**WORK TO COMPLETE**
Of the lines below, write out exactly those from the line with "惠州市万科企业有限公司HR丁" through the line with "Gorgeous brand new", both included, and skip the rest.

**DATA TO EXAMINE**
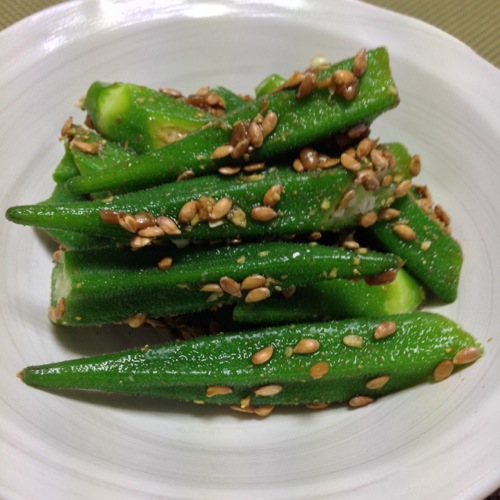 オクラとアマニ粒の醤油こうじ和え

==

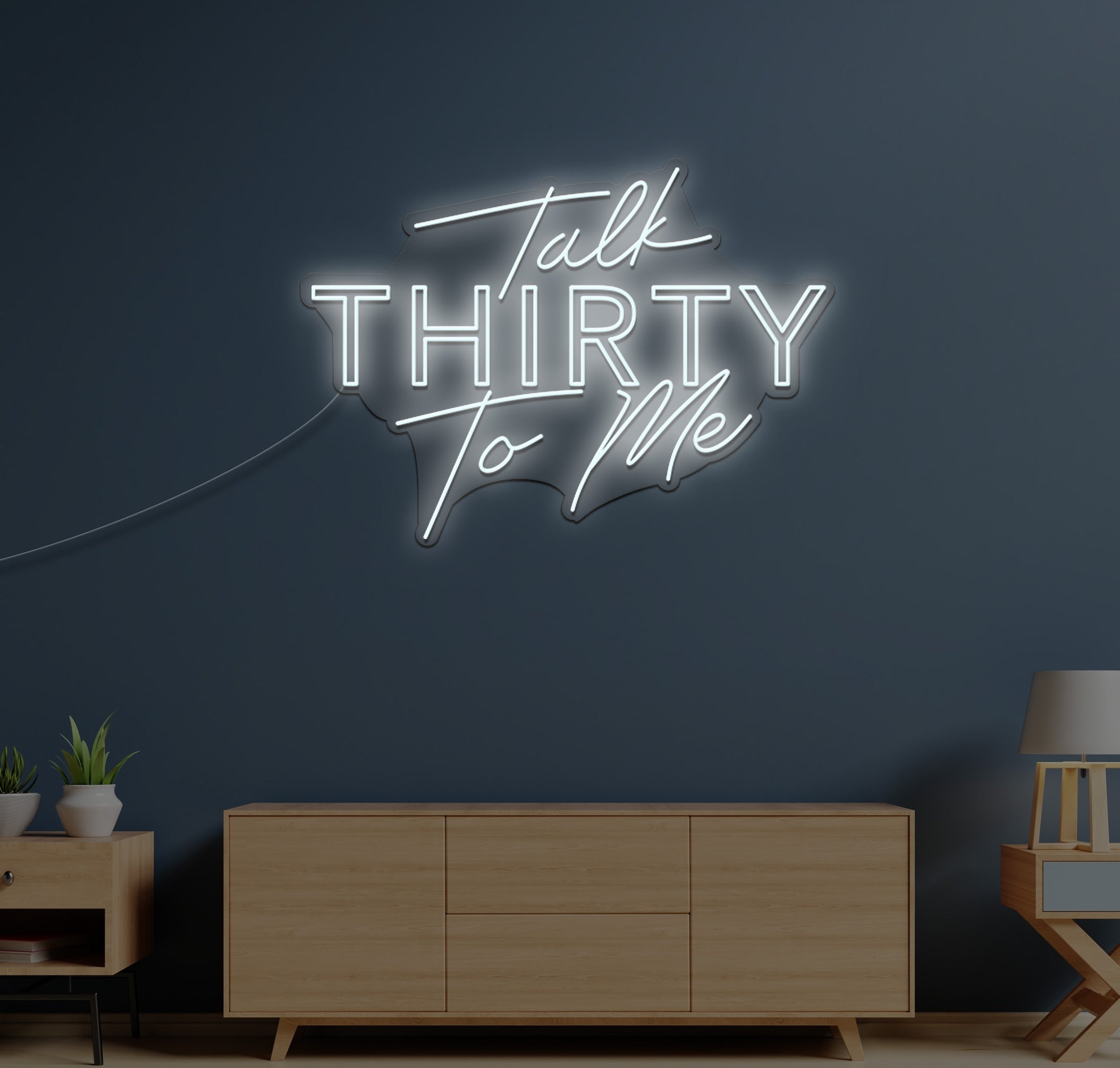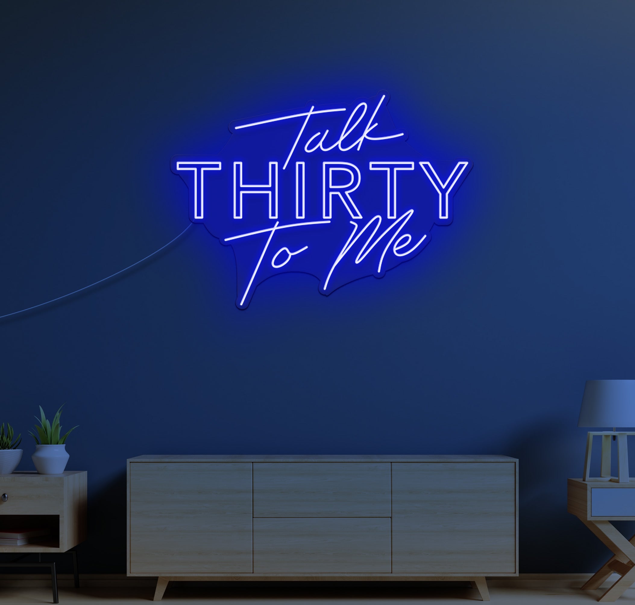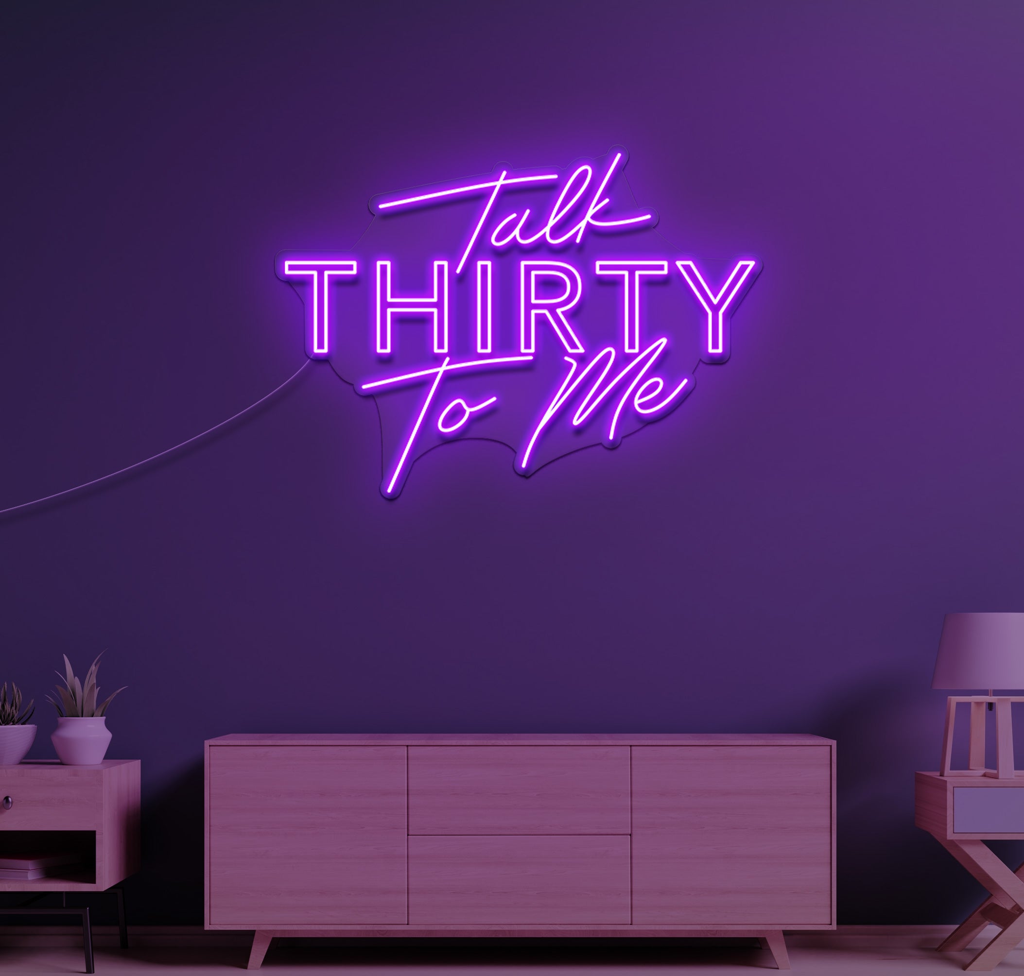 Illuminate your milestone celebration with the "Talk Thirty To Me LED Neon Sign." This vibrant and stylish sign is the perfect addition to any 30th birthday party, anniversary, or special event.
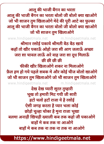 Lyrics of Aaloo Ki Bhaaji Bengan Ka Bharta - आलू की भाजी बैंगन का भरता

* * *

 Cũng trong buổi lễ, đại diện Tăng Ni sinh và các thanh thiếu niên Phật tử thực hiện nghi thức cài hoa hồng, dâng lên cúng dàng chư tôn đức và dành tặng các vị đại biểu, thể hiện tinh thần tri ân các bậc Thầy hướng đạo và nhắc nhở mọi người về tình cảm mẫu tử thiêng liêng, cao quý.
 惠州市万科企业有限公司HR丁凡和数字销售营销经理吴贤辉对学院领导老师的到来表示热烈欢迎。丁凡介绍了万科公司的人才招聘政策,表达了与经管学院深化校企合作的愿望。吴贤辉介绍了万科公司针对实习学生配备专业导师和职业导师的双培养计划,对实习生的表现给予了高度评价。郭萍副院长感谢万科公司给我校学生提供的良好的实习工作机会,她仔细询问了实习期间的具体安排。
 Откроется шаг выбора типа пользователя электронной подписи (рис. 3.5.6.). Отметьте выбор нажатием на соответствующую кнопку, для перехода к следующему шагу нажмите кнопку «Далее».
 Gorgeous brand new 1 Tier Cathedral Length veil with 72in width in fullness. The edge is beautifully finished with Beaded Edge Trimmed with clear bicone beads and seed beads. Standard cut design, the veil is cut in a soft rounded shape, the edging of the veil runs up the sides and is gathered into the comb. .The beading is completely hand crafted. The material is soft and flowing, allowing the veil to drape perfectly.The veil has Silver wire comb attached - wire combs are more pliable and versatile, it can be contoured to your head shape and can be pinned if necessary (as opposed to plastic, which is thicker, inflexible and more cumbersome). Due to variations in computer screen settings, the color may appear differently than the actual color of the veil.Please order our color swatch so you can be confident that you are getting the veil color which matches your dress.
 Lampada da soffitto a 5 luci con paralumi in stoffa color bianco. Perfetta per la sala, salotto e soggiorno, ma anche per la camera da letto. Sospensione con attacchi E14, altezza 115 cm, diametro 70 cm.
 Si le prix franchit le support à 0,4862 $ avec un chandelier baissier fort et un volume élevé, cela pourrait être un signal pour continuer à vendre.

**SOLUTION**
 惠州市万科企业有限公司HR丁凡和数字销售营销经理吴贤辉对学院领导老师的到来表示热烈欢迎。丁凡介绍了万科公司的人才招聘政策,表达了与经管学院深化校企合作的愿望。吴贤辉介绍了万科公司针对实习学生配备专业导师和职业导师的双培养计划,对实习生的表现给予了高度评价。郭萍副院长感谢万科公司给我校学生提供的良好的实习工作机会,她仔细询问了实习期间的具体安排。
 Откроется шаг выбора типа пользователя электронной подписи (рис. 3.5.6.). Отметьте выбор нажатием на соответствующую кнопку, для перехода к следующему шагу нажмите кнопку «Далее».
 Gorgeous brand new 1 Tier Cathedral Length veil with 72in width in fullness. The edge is beautifully finished with Beaded Edge Trimmed with clear bicone beads and seed beads. Standard cut design, the veil is cut in a soft rounded shape, the edging of the veil runs up the sides and is gathered into the comb. .The beading is completely hand crafted. The material is soft and flowing, allowing the veil to drape perfectly.The veil has Silver wire comb attached - wire combs are more pliable and versatile, it can be contoured to your head shape and can be pinned if necessary (as opposed to plastic, which is thicker, inflexible and more cumbersome). Due to variations in computer screen settings, the color may appear differently than the actual color of the veil.Please order our color swatch so you can be confident that you are getting the veil color which matches your dress.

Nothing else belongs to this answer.